-- What you have to do --
Would you please set down the data again exactly as given, excluding the pictures?

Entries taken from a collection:
○ ○ ○ ○ ○

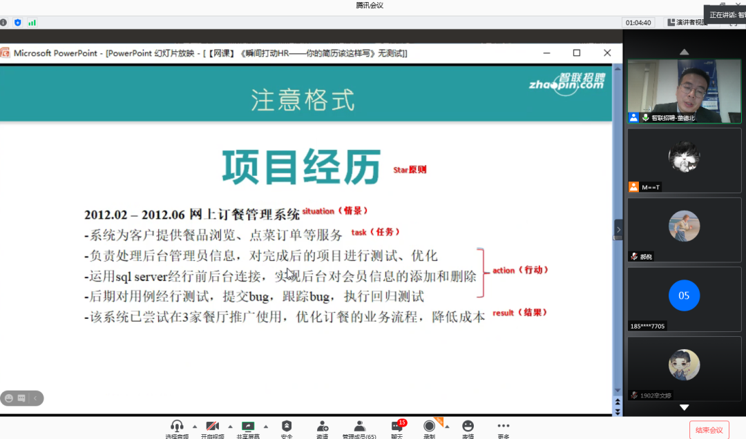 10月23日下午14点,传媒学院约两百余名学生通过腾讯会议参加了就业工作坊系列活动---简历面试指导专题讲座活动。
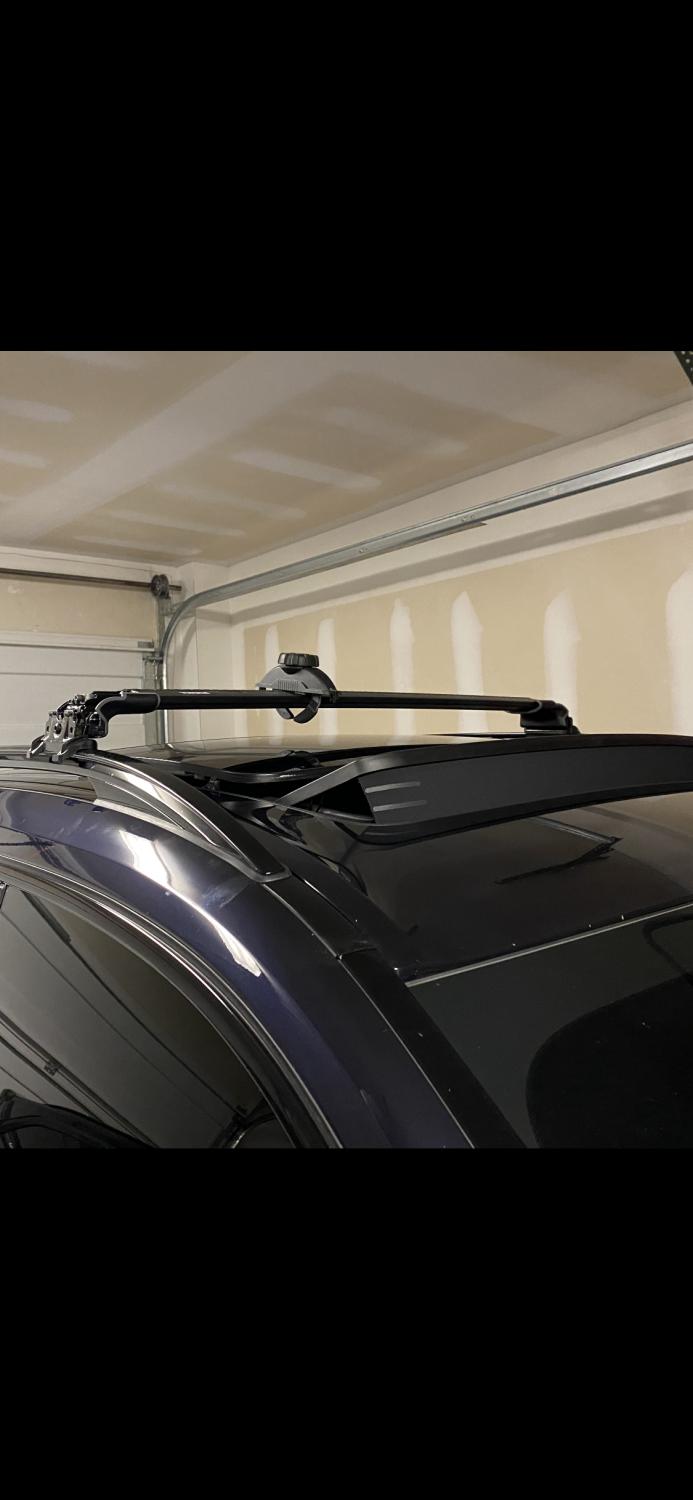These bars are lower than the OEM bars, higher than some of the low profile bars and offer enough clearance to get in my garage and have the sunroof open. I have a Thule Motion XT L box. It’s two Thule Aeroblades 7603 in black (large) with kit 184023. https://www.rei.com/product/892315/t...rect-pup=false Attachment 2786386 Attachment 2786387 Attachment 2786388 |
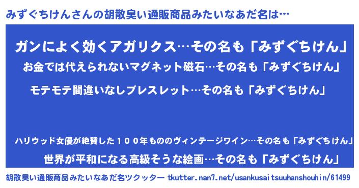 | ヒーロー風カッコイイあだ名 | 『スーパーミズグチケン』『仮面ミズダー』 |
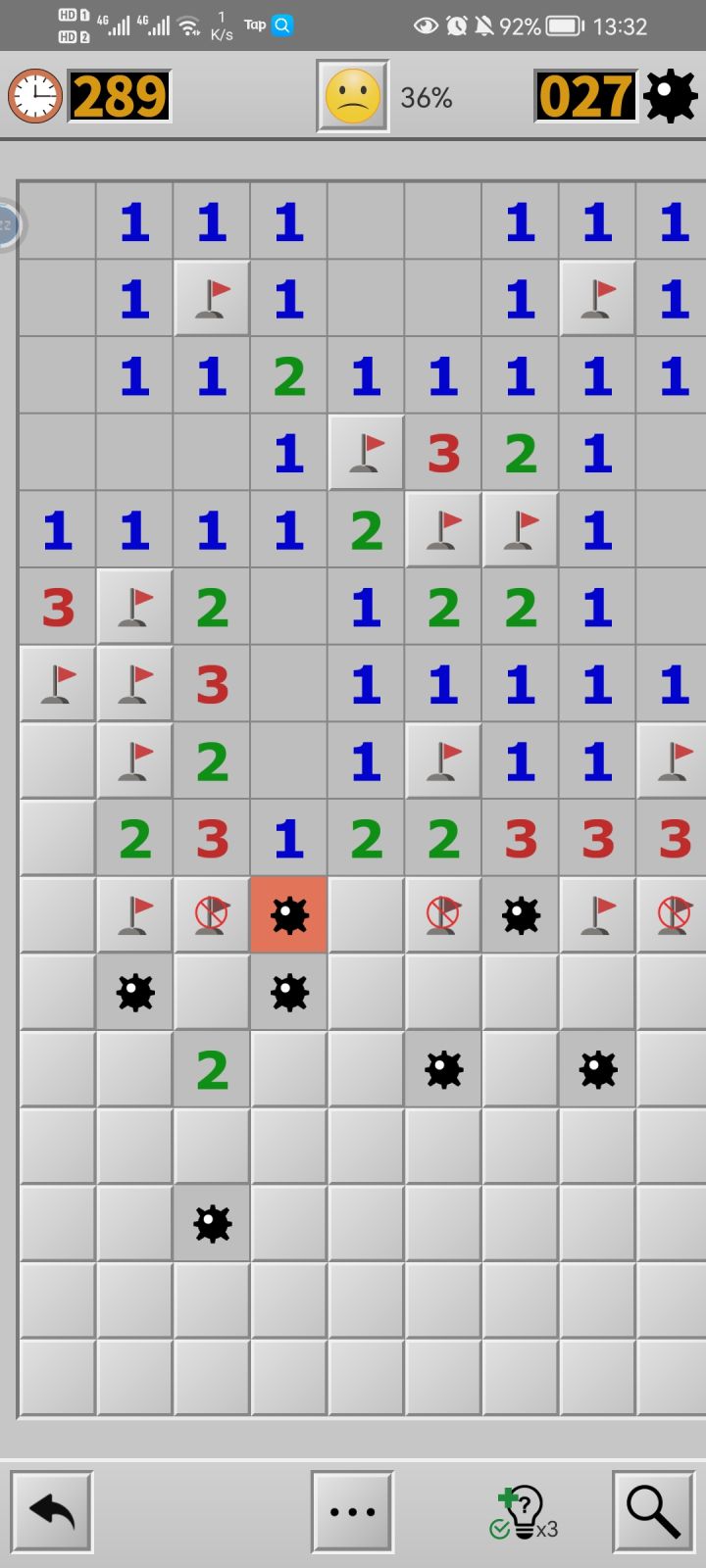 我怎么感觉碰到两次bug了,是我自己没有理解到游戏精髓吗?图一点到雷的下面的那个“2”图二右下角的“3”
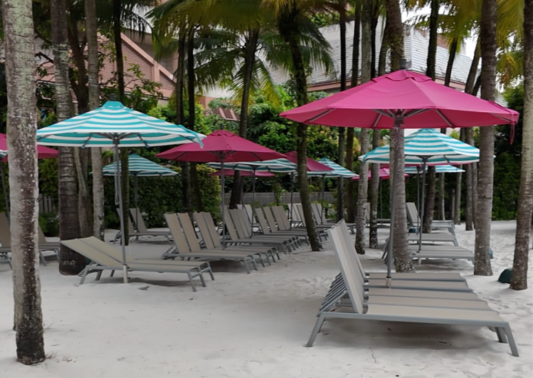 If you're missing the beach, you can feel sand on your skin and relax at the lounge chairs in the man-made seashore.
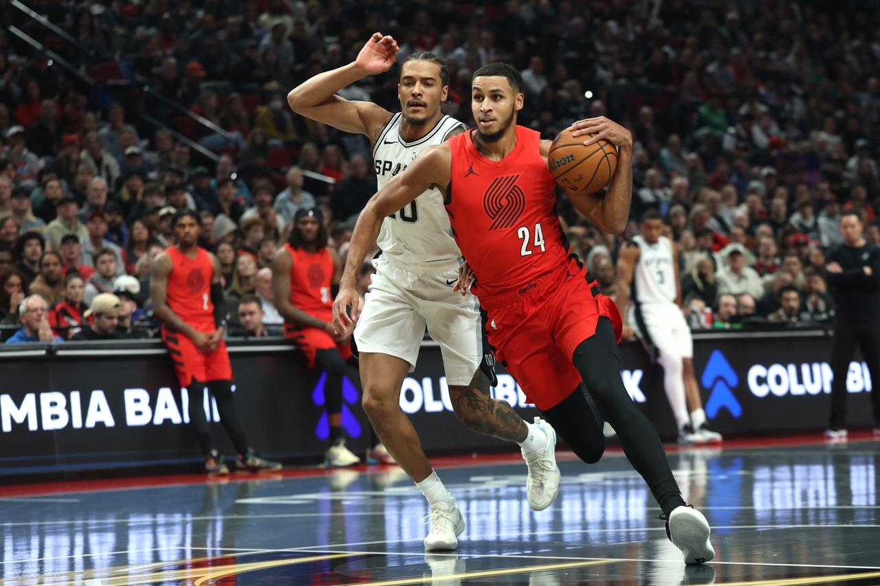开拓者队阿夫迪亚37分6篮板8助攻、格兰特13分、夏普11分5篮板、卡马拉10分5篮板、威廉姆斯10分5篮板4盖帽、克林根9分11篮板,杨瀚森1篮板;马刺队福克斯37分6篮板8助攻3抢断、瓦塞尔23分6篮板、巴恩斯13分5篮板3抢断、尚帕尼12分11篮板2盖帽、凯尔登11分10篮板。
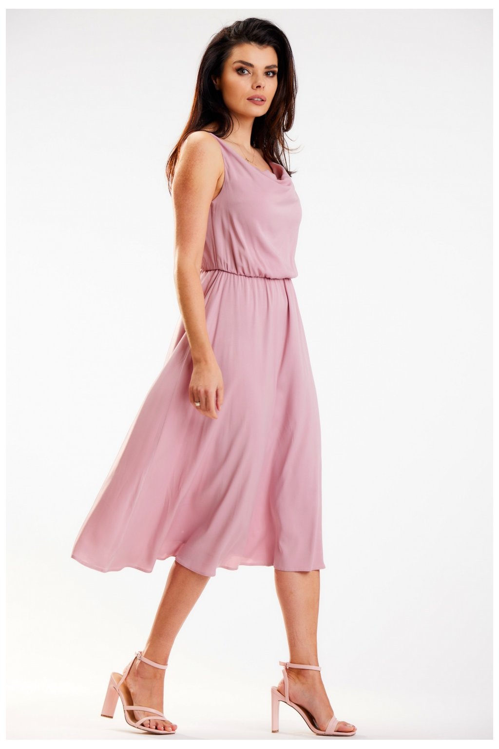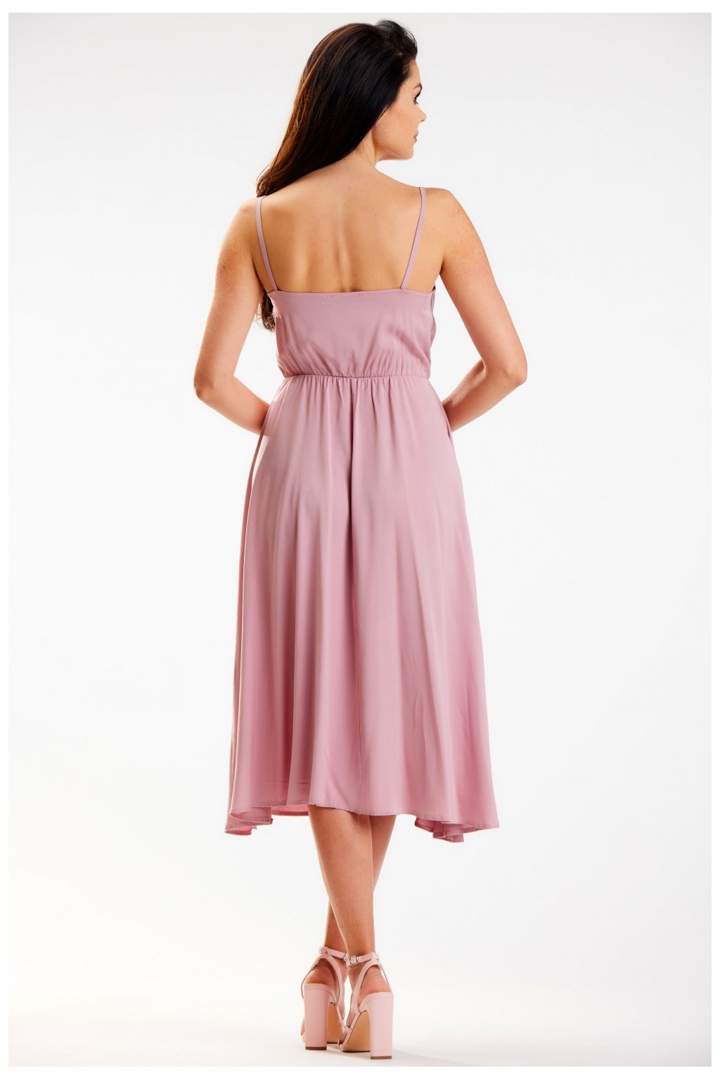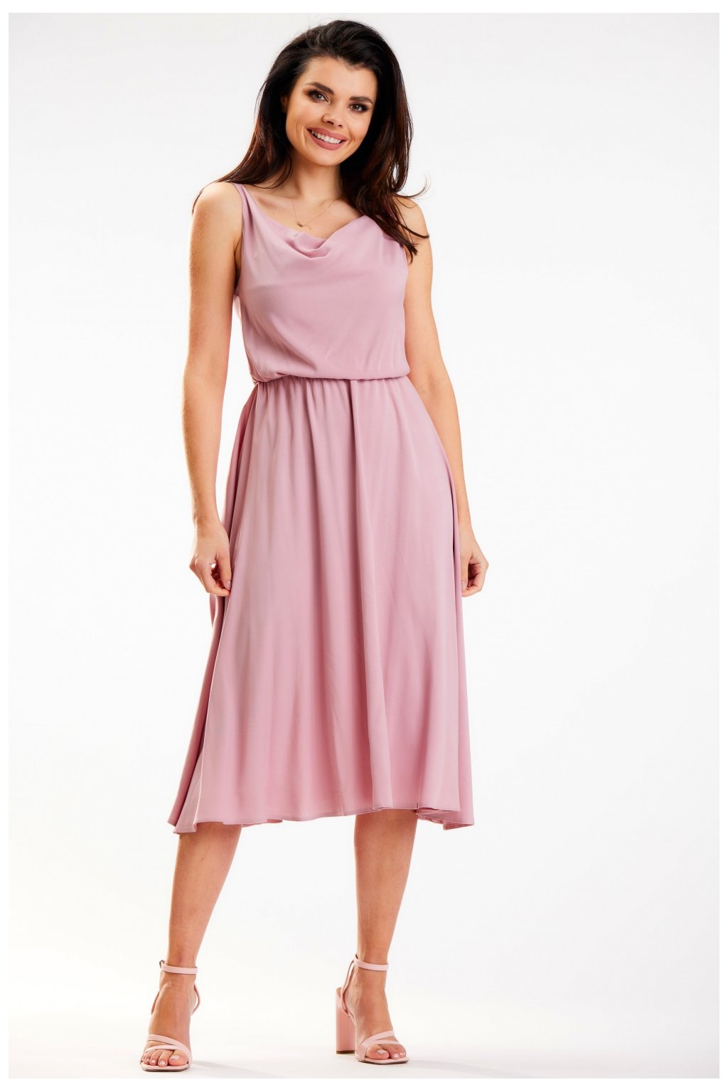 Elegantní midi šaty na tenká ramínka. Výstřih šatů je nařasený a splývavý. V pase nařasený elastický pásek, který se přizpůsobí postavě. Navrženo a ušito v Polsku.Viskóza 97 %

○ ○ ○ ○ ○

-- Output for this task --
 10月23日下午14点,传媒学院约两百余名学生通过腾讯会议参加了就业工作坊系列活动---简历面试指导专题讲座活动。
These bars are lower than the OEM bars, higher than some of the low profile bars and offer enough clearance to get in my garage and have the sunroof open. I have a Thule Motion XT L box. It’s two Thule Aeroblades 7603 in black (large) with kit 184023. https://www.rei.com/product/892315/t...rect-pup=false Attachment 2786386 Attachment 2786387 Attachment 2786388 |
 | ヒーロー風カッコイイあだ名 | 『スーパーミズグチケン』『仮面ミズダー』 |
 我怎么感觉碰到两次bug了,是我自己没有理解到游戏精髓吗?图一点到雷的下面的那个“2”图二右下角的“3”
 If you're missing the beach, you can feel sand on your skin and relax at the lounge chairs in the man-made seashore.
开拓者队阿夫迪亚37分6篮板8助攻、格兰特13分、夏普11分5篮板、卡马拉10分5篮板、威廉姆斯10分5篮板4盖帽、克林根9分11篮板,杨瀚森1篮板;马刺队福克斯37分6篮板8助攻3抢断、瓦塞尔23分6篮板、巴恩斯13分5篮板3抢断、尚帕尼12分11篮板2盖帽、凯尔登11分10篮板。
 Elegantní midi šaty na tenká ramínka. Výstřih šatů je nařasený a splývavý. V pase nařasený elastický pásek, který se přizpůsobí postavě. Navrženo a ušito v Polsku.Viskóza 97 %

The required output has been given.